Domain separation and synthetic monitoring

  • Versão de lançamento: Australia
  • Atualizado 12 de mar. de 2026
  • 1 min. de leitura
  • Domain separation is supported for synthetic monitoring. Domain separation enables you to separate data, processes, and administrative tasks into logical groupings called domains. You can control several aspects of this separation, including which users can see and access data.

    Support level: Basic

    • Business logic: Ensure that data goes into the proper domain for the application’s service provider use cases.
    • The application supports domain separation at run time. The domain separation includes separation from the user interface, cache keys, reporting, rollups, and aggregations.
    • The owner of the instance must set up the application to function across multiple tenants.

    Sample use case: When a service provider (SP) uses chat to respond to a tenant-customer’s message, the customer must be able to see the SP's response.
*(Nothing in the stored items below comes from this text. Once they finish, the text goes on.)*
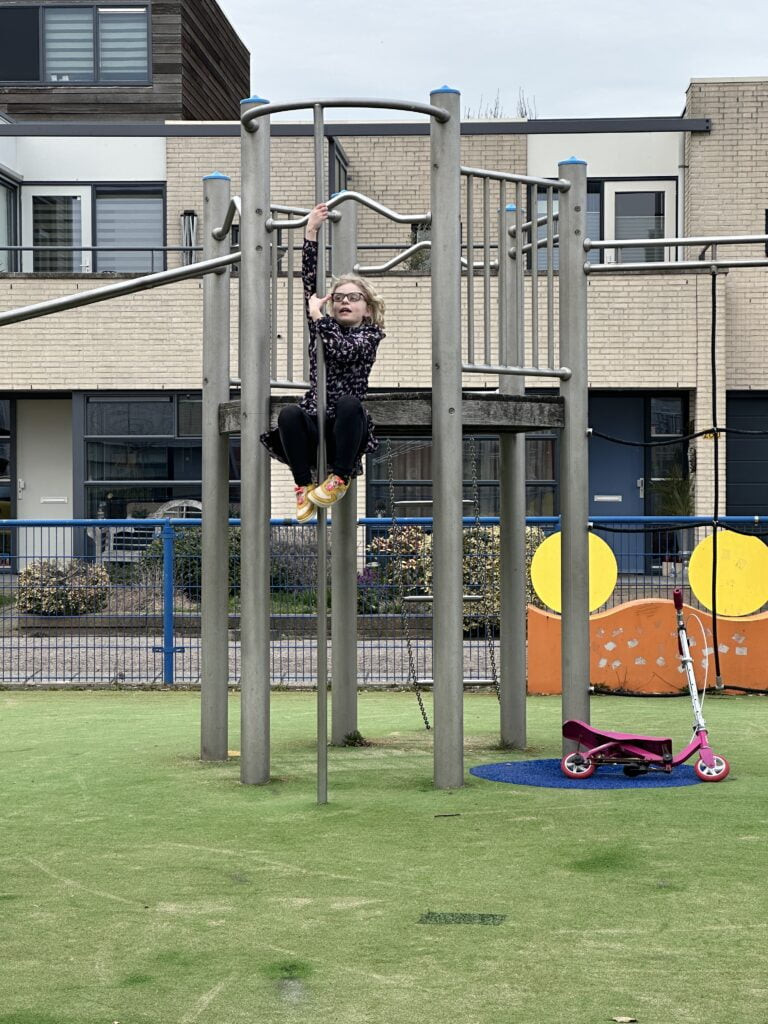 Mijn tuttebel is in de speeltuin aan het spelen met haar vriendin, die in de buurt woont van mijn vriendin.
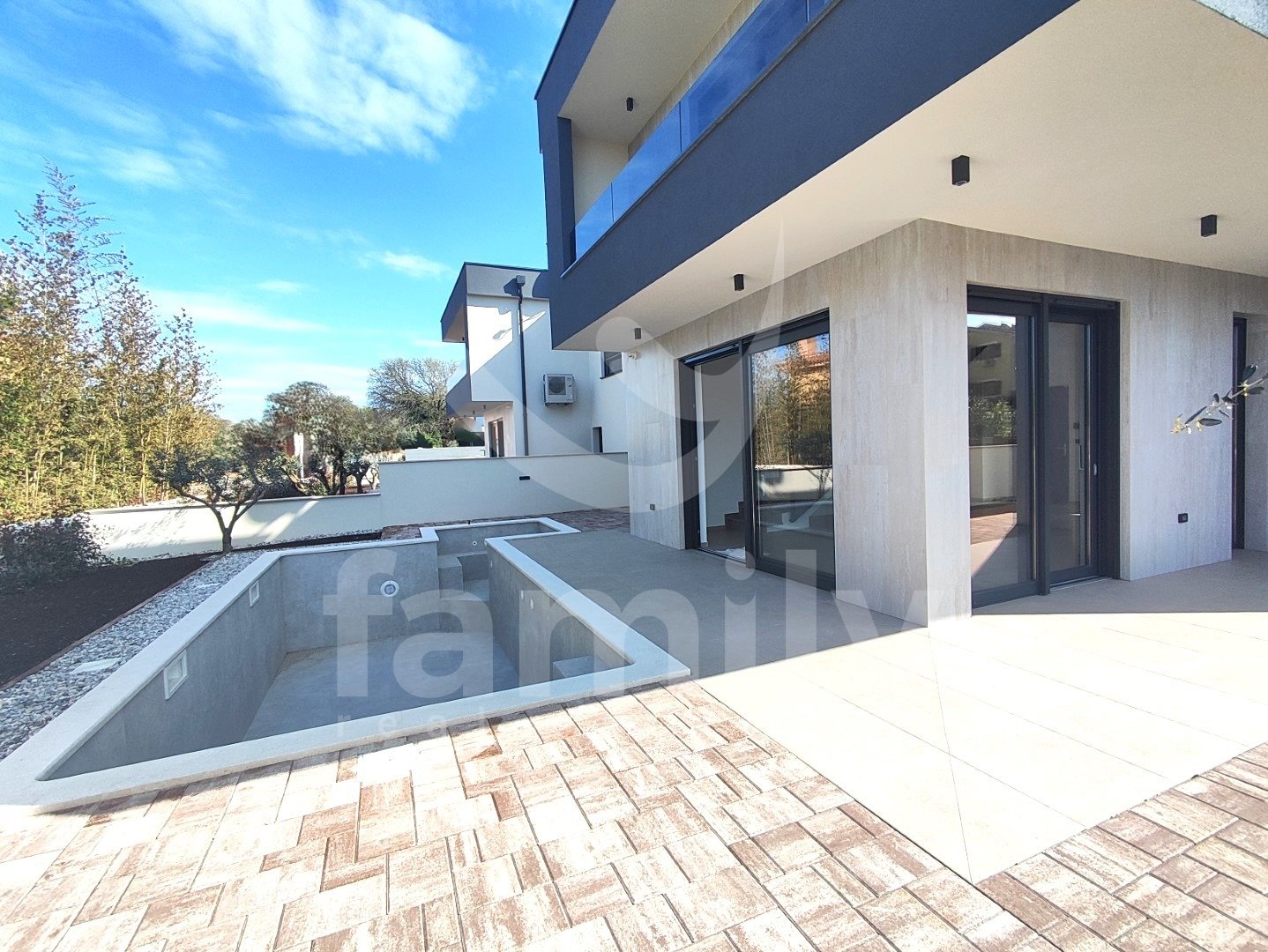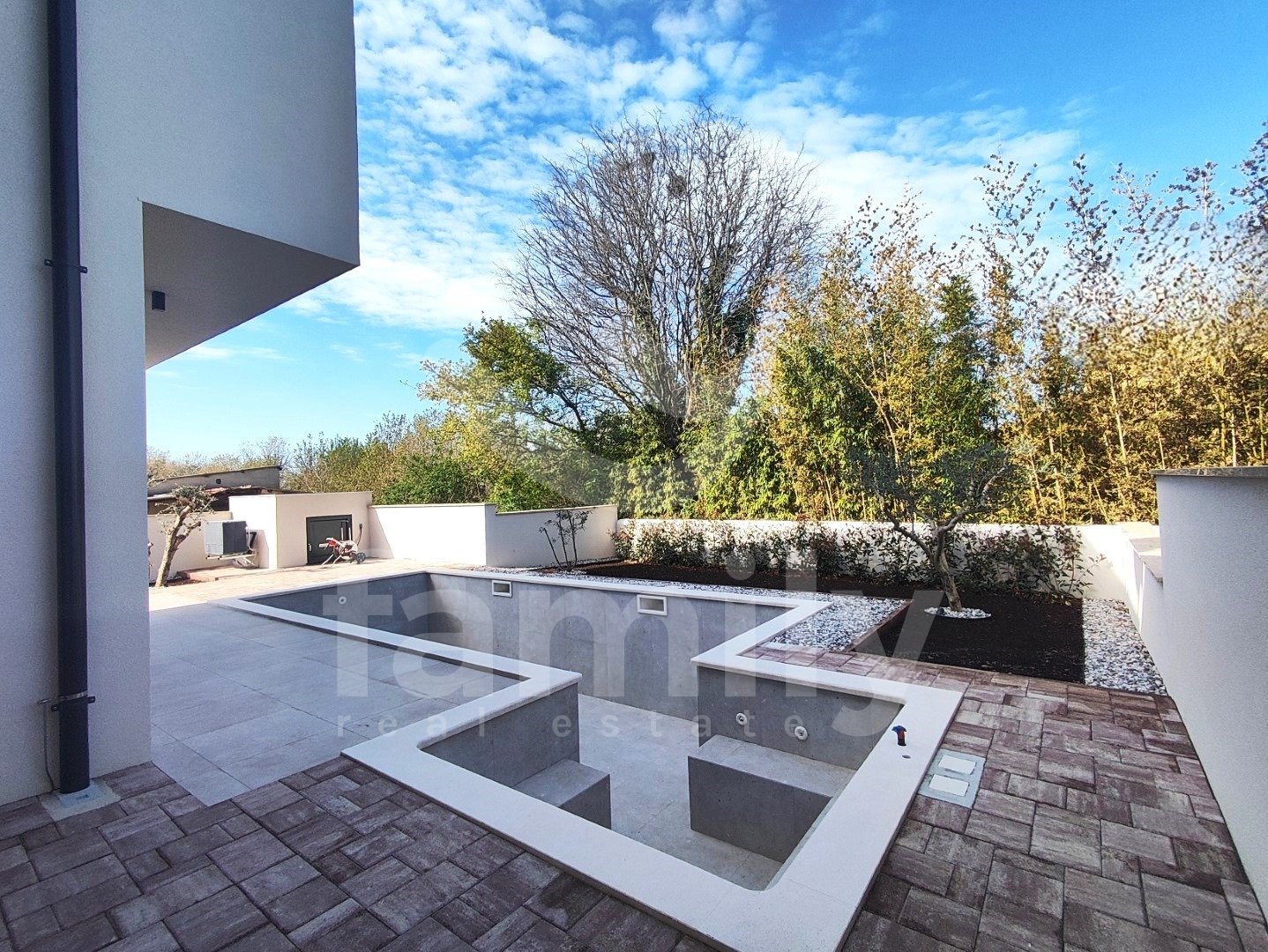 Il cortile è costituito da una parte pavimentata e da una parte con una piccola area verde e piante decorative, per una superficie totale di 298 m²; un passaggio conduce alla piscina, che è piuttosto nascosta dalle proprietà vicine e garantisce la massima privacy. La piscina ha una superficie totale di 30 m² ed è dotata di un sistema di riscaldamento e di una sala macchine in una zona separata dalla piscina. Nell'area esterna è presente anche una doccia esterna, realizzata appositamente all'interno di un unico ambiente, in modo da avere letteralmente una porta da chiudere e isolarsi da ogni vista, come se ci si trovasse in un bagno. L'area verde intorno alla piscina e diversi ulivi ornamentali, dove si trova una zona relax, rendono questo spazio davvero speciale e piacevole da vivere.
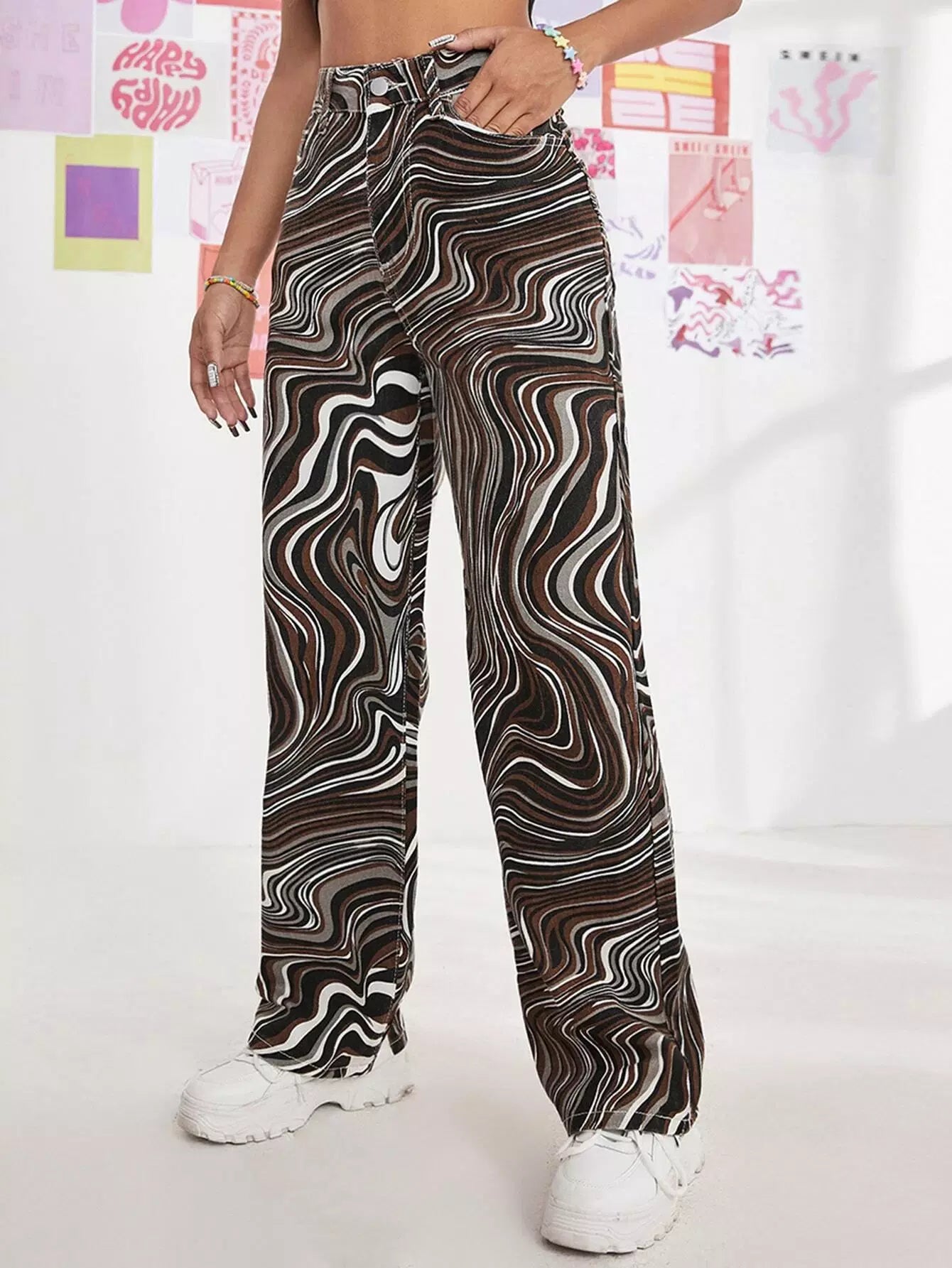 Marble Pattern Zipper Fly Jeans
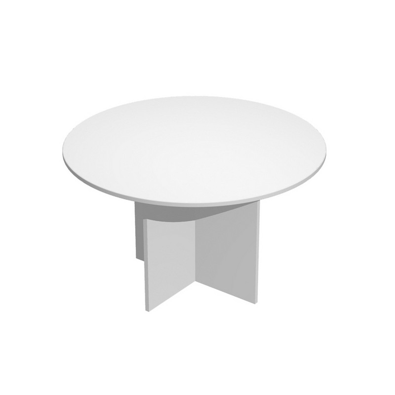 TAVOLO RIUNIONE tondo da 4 POSTI Ø120 x H72cm. Realizzato in melaminico spessore 22 mm, certificato classe E1. Piani bordati con profili antiurto sagomato, gambe in melaminico sp. 22 mm e piedini regolabili per la massima stabilità.
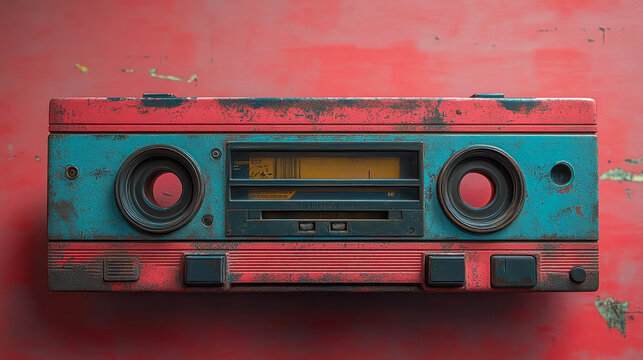 Vintage retro portable radio cassette recorder isolated on white background.
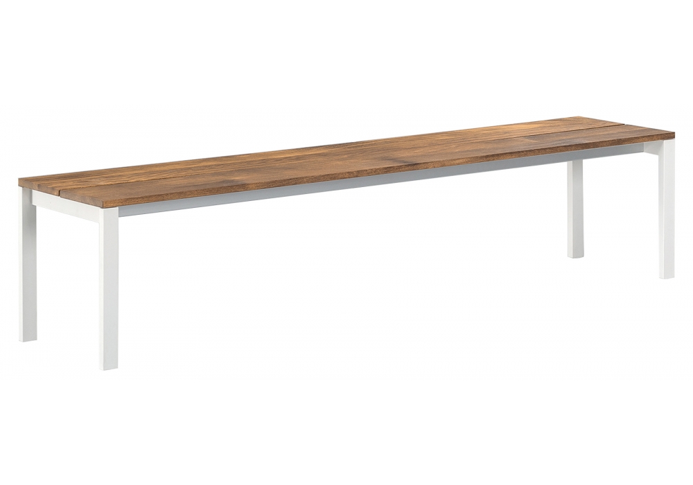 Be-Easy Slatted diseñado por Bluezone para Kristalia es un banco de exterior con patas de acero y asiento de láminas de aluminio o teca. Disponible en diferentes acabados y dimensiones.
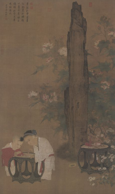 宋代画家苏汉臣的《秋庭婴戏图》,亦为我们展现了秋日里两孩童戏玩推枣磨的场景。
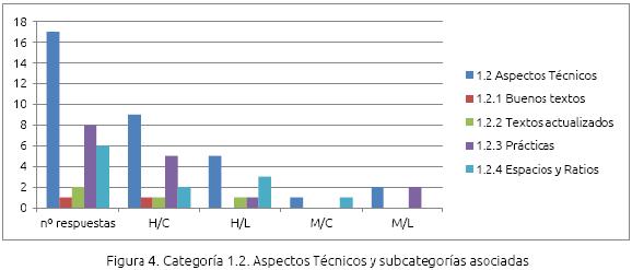 Con 6 respuestas, la subcategoría 1.2.4. Espacios y ratios apropiados, por 5 hombres, 2 de Ciencias (Santiago y Valencia), y 3 de Letras (2 Valencia y 1 Santiago), y por 1 mujer de Ciencias, de Santiago, en ambos casos responden al 5% de la muestra. Por debajo de este porcentaje, y con 2 respuestas, la 1.2.2. Empleo de textos actualizados, por 2 hombres, 1 de Ciencias, de Tarragona, y 1 de Letras, de Pamplona. Finalmente, cierra este apartado de aspectos técnicos, con 1 respuesta, la categoría 1.2.1. Empleo de buenos textos, citada por 1 hombre de Ciencias, de Pamplona.

    For more information on support levels, see Application support for domain separation.

    Domain separation and synthetic monitoring overview

    Domain separation is present in all aspects of the synthetic monitoring application. Users belonging to a specific domain see only the data existing in their own domain.

    How domain separation works in synthetic monitoring

    When data is separated by domains in synthetic monitoring, users can only configure and see the monitoring data in their own domain. By default, all users and records are set to the parent domain unless the admin assigns them to a specific domain.

    You define the domain-separated environment when you configure your data inputs. All relevant records and data processing in the synthetic monitoring program flow reside in the same domain as the data input. The domain name of a data input appears in the Domain column that is displayed in the tables in your instance.

    Using domain separation in your instance is transparent to synthetic monitoring. The application manages all aspects of the data, such as the monitor configurations and results. When a property is changed, the new value affects new sources only in the specific domain.

    When setting up Agent Client Collector (ACC) for non-hosted synthetic checks, each domain that supports non-hosted synthetics requires its own ACC cluster and MID Server. The ACC cluster and MID Server must be created in a leaf domain.